In September the Dubai Electricity and Water Authority (DEWA) signed a partnership agreement with Desolenator to further develop the latter’s desalination system. Desolenator’s approach of flash distillation powered by photovoltaics plus solar thermal is very different to the industry mainstream of Reverse Osmosis (RO).
The UAE gets 90% of its drinking water and 42% of total water from desalination. The country produces at least 14% of global desalinated water, almost as much as Saudi Arabia or the US, despite having a population of only 10 million. So receiving an endorsement from the UAE, even as the country also pursues multi-billion developments of today’s RO technology, is a big win for Desolenator.

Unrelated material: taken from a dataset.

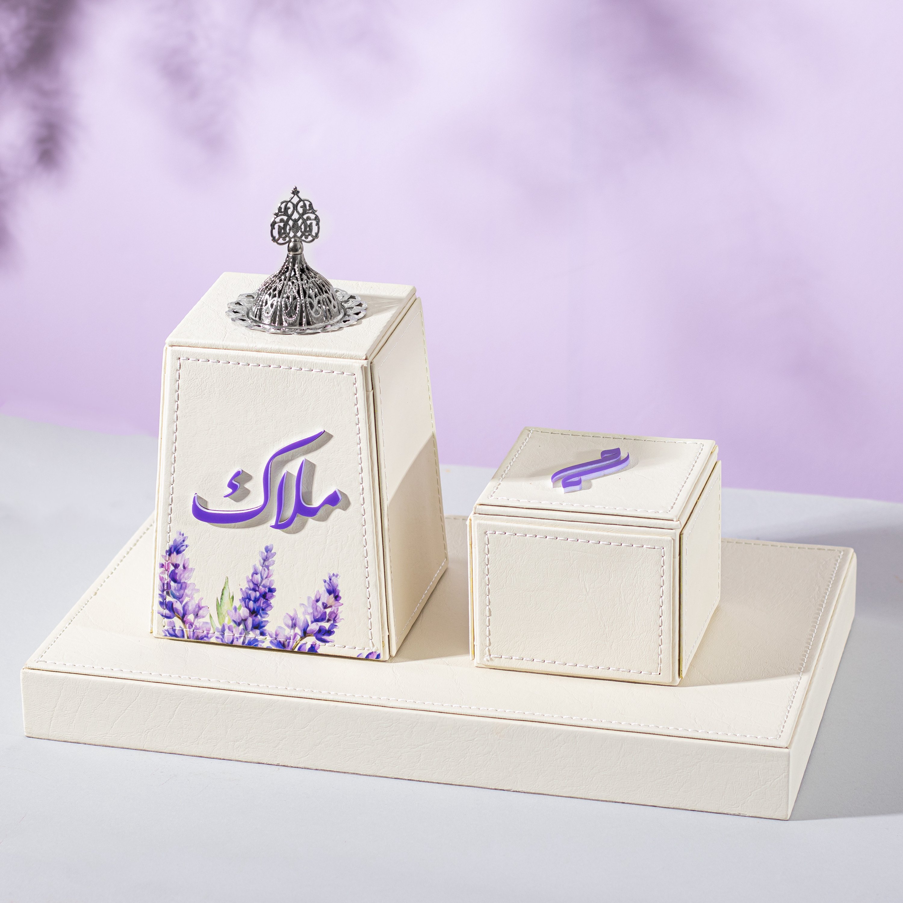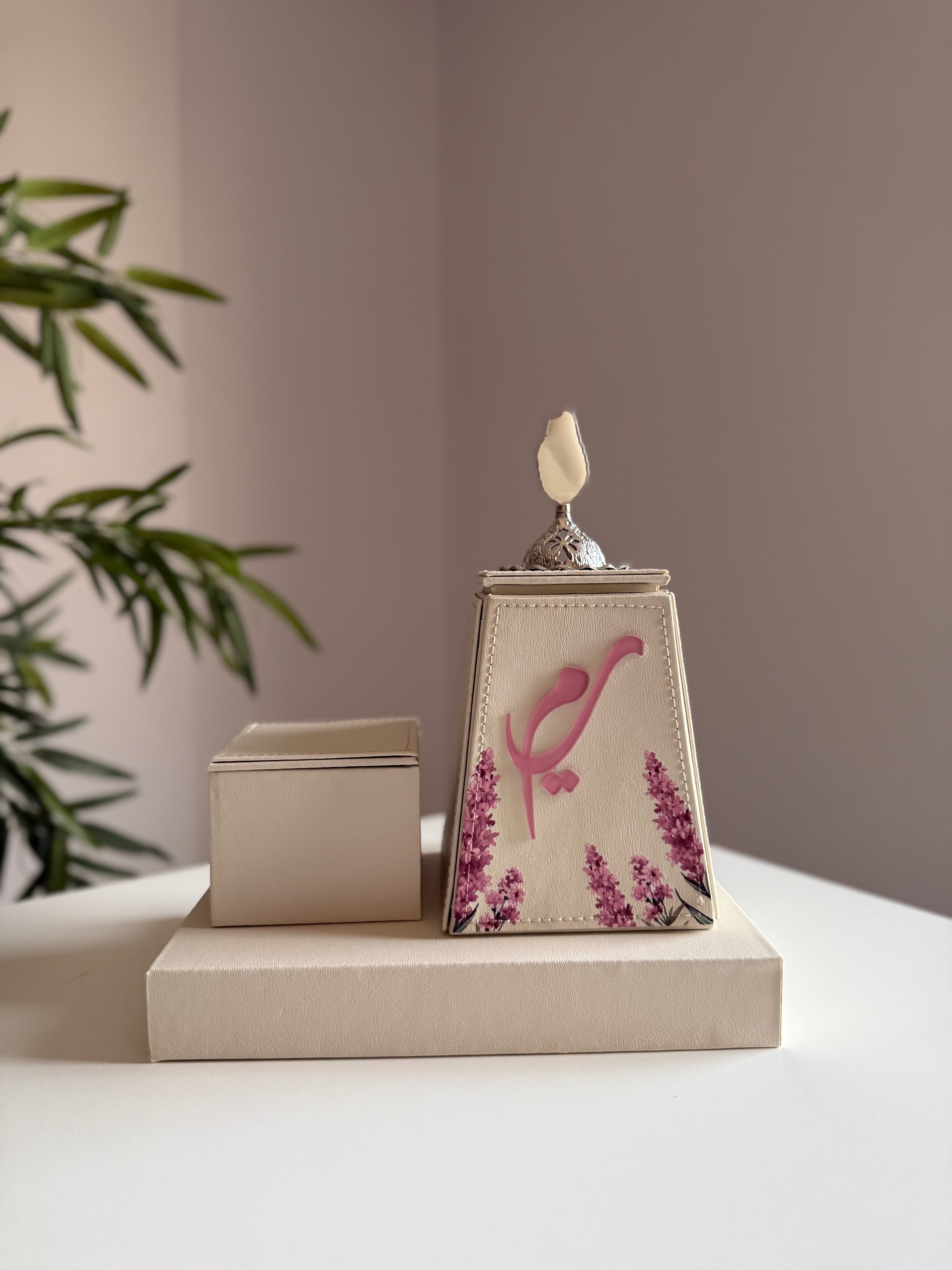 طقم مبخرة متكامل يجمع بين النعومه و الرقه ، تضفي طبعة زهرة اللافندر نوعًا اخرًا من الجمال ، مصنوعة من الجلد الفاخر

Last month we at Rethink spoke to Alexei Levene, Desolenator’s co-founder and Commercial Director. One of the first questions posed to him was “why did Dubai commission a system from you, was it cost-competitive or was it more about the sustainability?” Which is a rather blunt and unfair frame to push on a startup which has plenty of room to lower costs with economies of scale.
Currently, according to DEWA, the 1,000-liter-per-day Jebel Ali project built as a pilot for Desolenator’s design produces water at $0.02 per liter – so $20 per cubic meter. Levene is confident that will change as Desolenator’s projects scale – “our Levelized Cost of Water (LCOW) will be under $1 per cubic meter,” he says, while admitting “it takes time to build our industrial-scale system.”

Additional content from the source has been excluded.